Partnership, teamwork and communication were important to me when my son was a patient, and now I am spending my career teaching them to you and other providers. These three things will elevate your practice, and if you do them well – they will set you apart from others in your field:

• Like the physician who FaceTimes a parent during rounds to discuss the plan of care.
• Like the nurse who stays after rounds to talk with the angry fiance to figure out why she doesn’t want the patient to go to rehab.
• Like the doctor who agreed to meet with a patient who was misdiagnosed to listen to her concerns.
• Like the medical director who changed his mind about the design of an ICU based on a family’s experience and the mothers ability to share her story.
• Like the pharmacist who works with patients and families to deliver prescriptions to the patient’s room prior to discharge.
• Like the chief operating officer who invited a volunteer patient advisor to interview candidates for a new leadership position.
• Like the doc who partnered with the family who lost a loved one due to medical error in order to prevent such an error from happening again.
• Like the resident, in the middle of the night, who asks the mother at the patient’s bedside, “How are YOU doing?”

It has been my privilege to witness all of these examples. I can tell you that none of them took a great deal of time, but they are critical for the quality of care you will provide.

Some of you will go into research to discover new treatments or grant writing that will propel a study further in its journey. However, many of you will be taking care of patients or collaborating with those who do, and your success will be measured by your interactions with your patients and families.
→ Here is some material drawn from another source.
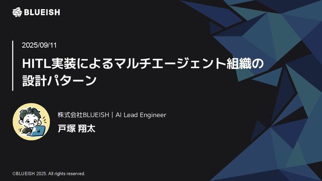 HITL実装によるマルチエージェント組織の 設計パターン 戸塚 翔太 2025/09/11 株式会社BLUEISH|AI Lead Engineer ©BLUEISH 2025.
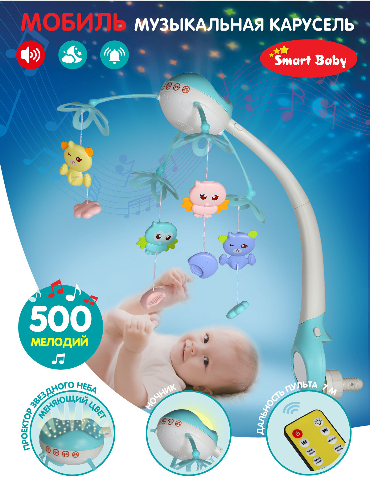 Купить Детская карусель, мобиль ТМ Smart Baby, пульт управления, ночник, проектор звездного неба, таймер, колыбельные, 500 мелодий, свет, звук, JB0333927

This will be your source of personal and professional accomplishment.

In closing – thank you!

Thank you to the MUSC Board of Trustees, President Cole and Dr. Saladin for this extraordinary honor. Speaking of extraordinary, I would like to thank my boss, Dr. Danielle Scheurer, our chief quality officer, who made it possible for me to do this work. Thank you to Lisa Kerr and Kelly Loyd, my commencement practice team. Most of all, thank you to my family who are all here today. The moment I figured out what I wanted to be when I grew up, they were all in. They have showered me with praise and encouragement, and I am eternally grateful.

Congratulations to the class of 2019 – and to your families. As a parent, I cannot imagine the sense of pride you must feel sending new health care professionals out into the world! No one got here today without help from someone, so graduates, please remember to thank the folks sitting in the chairs behind you or someone who made an impact on your life and career choices.

I am not a physician or a pharmacist. I am not a nurse or a dentist. I am not a PA, physical therapist or MHA graduate. I have not cured a rare disease, invented life-saving technology, and big surprise – I’m not even a rock star. In fact, I don’t have an esteemed health care degree like all of you will very shortly. I did not choose health care. Health care chose me.

Now my story includes today. This is a great day for patient- and family-centered care.

As you go out into the world and begin your careers remember – we need you. But if you want to be good, I mean really good. Not just technically skilled, but a well-rounded, thoughtful and competent physician, nurse, pharmacist, dentist, therapist, administrator, informaticist or researcher … never forget that you need them. You need them not just as a source of revenue.

You need to listen to what is important to them to reach a common goal. You don’t have to be a hero every day – you just have to be human.

Upon his retirement, after 40 years as a pediatric intensivist, Dr. Fred Tecklenburg said, “I learned more about love, faith, forgiveness and healing from the patients and families in the ICU than I could in any church or temple.”

I hope, like Dr. T, that YOU never stop learning.

I am here today because of a privileged presence.

Let me introduce myself again… I was in Bed 10 with Sam in the pediatric ICU in the building on your left.

My name is Caroline.

Editor's note: As DeLongchamps concluded her speech, a 14-year-old boy walked up to the podium. "I am Sam," he said, standing beside his mother.